Dragsholm Is Destroyed and Resurrected
When the armies of Charles X Gustav of Sweden invaded Zealand, Dragsholm’s defenders attempted to blow it up. The castle lay in ruins until King Christian V gave it to the grocer Heinrich Muller as part of his outstanding debts and the grocer began to restore the castle.
In 1694, nobleman Frederik Christian Adeler bought Dragsholm and rebuilt it as a baroque castle. Several owners from the Adeler family, including G.F. O. Zytphen Adeler, who drained the Lammefjord, an arm of the North Sea, made radical changes to Dragsholm and its grounds. In 1932, the Adeler family died out and Denmark’s Central Land Board became the owner of Dragsholm Castle.

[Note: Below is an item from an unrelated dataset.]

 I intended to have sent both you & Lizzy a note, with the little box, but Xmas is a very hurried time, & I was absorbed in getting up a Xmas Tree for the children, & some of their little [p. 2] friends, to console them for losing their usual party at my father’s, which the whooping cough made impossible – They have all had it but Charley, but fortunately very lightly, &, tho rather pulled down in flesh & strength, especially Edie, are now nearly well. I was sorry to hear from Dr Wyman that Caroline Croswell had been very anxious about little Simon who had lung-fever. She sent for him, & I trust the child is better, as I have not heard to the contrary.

In 1939, the Central Land Board sold Dragsholm Castle to J.F. Bottger, but only included the land belonging to the main estate. The Bottger family preserved the Baroque style of the castle, but extensively restored and modernized the interior. The Twenty First Century Dragsholm Castle features two restaurants, conference rooms, a hotel, and reportedly 100 ghosts!
Two Male Dragsholm Ghosts- One Ecclesiastic, and One Political
The historical facts of Dragsholm and the ghostly facts are intermingled. The historical fact is that King Christian III decreed Denmark a Lutheran state in October of 1536, and he and most Danes forced monasteries, abbeys, church schools and cathedrals to renounce traditional Catholic beliefs for Lutheran practices. Joachim Ronnow, the last Catholic Bishop of Roskilde was supposedly imprisoned in Dragsholm Castle in 1536.

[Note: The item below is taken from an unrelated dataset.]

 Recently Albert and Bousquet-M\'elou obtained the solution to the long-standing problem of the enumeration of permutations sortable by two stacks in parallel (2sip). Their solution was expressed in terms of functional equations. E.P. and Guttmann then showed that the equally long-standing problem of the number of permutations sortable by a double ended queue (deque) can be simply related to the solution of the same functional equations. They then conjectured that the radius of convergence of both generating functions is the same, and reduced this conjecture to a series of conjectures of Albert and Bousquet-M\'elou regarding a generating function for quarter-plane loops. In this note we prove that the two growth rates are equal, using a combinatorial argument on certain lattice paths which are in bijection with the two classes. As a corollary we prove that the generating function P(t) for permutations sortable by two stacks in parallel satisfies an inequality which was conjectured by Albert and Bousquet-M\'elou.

Some sources say that after a period of imprisonment in Dragsholm, Bishop Ronnow's Protestant captors moved him to Copenhagen Castle where he died in 1544. In modern accounts, he is rarely mentioned as one of the approximately 100 ghosts that supposedly haunt Dragsholm Castle, but if ghosts follow patterns of logic, it would be logical for him to haunt his last home and the place where his captivity began. After all, certain cells for ecclesiastical prisoners had been built in Dragsholm’s tower. Visitors to Dragsholm have heard moaning in the tower and the sound of presumably Catholic chanting.
James Hepburn, the 4th Earl of Bothwell, and third husband of Mary, Queen of Scots, died at Dragsholm. After he was captured in Norway in 1573, King Frederik II of Denmark imprisoned him at Dragsholm. Legend said that his captors gave him just enough food and water to keep him alive, tied him to a pillar, and left him to die. It is said that he went mad and he died in 1576 or 1578.
Visitors to Dragsholm have seen the Earl of Bothwell riding into the courtyard of the castle in his horse and carriage and many visitors have heard the hooves of horses beating on the cobbled yard.
Another Royal Male Ghost?
It is unclear whether Ejler Brockenhuus, called the “Mad Squire,” went mad before or after his imprisonment. It is also unclear which branch of the noble Danish Brockenhuus family he belonged to. The family began in Denmark with Oluf Brockenhuus, fought in the wars with Sweden and Norway and expanded into a Norwegian branch. The family genealogy mentions an Eight Brockenhuus and an Eiler Borckenhuus.
Is is possible that the Mad Squire, too, was chained in the dungeon and his groans float up the stairs to the ears of modern hotel guests?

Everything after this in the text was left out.